## Study material
- - - - -

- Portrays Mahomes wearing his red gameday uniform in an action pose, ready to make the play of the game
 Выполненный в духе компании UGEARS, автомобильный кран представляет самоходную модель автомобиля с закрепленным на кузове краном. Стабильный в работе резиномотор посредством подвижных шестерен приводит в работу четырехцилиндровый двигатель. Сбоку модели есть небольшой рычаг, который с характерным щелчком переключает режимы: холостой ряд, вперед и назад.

- - - - -

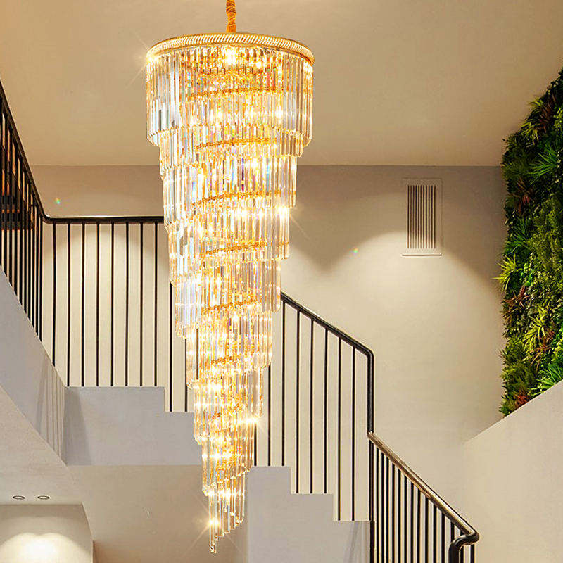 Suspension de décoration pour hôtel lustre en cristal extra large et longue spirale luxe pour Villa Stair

- - - - -

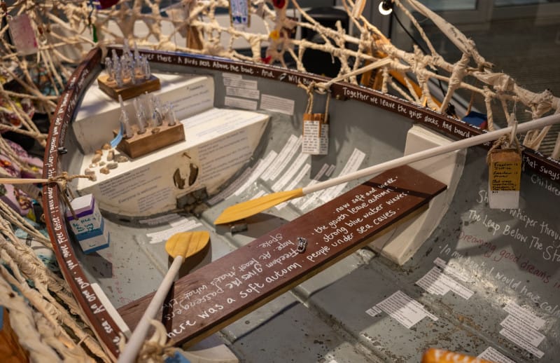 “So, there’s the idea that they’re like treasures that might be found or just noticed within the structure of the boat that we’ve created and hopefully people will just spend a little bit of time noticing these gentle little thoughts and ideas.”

- - - - -

## Directions
Please give back exactly the lines of this listing beginning at the line with "- Portrays Mahomes" and ending with the line with "Выполненный в духе", both included, and nothing else.

## Result of the exercise
- Portrays Mahomes wearing his red gameday uniform in an action pose, ready to make the play of the game
 Выполненный в духе компании UGEARS, автомобильный кран представляет самоходную модель автомобиля с закрепленным на кузове краном. Стабильный в работе резиномотор посредством подвижных шестерен приводит в работу четырехцилиндровый двигатель. Сбоку модели есть небольшой рычаг, который с характерным щелчком переключает режимы: холостой ряд, вперед и назад.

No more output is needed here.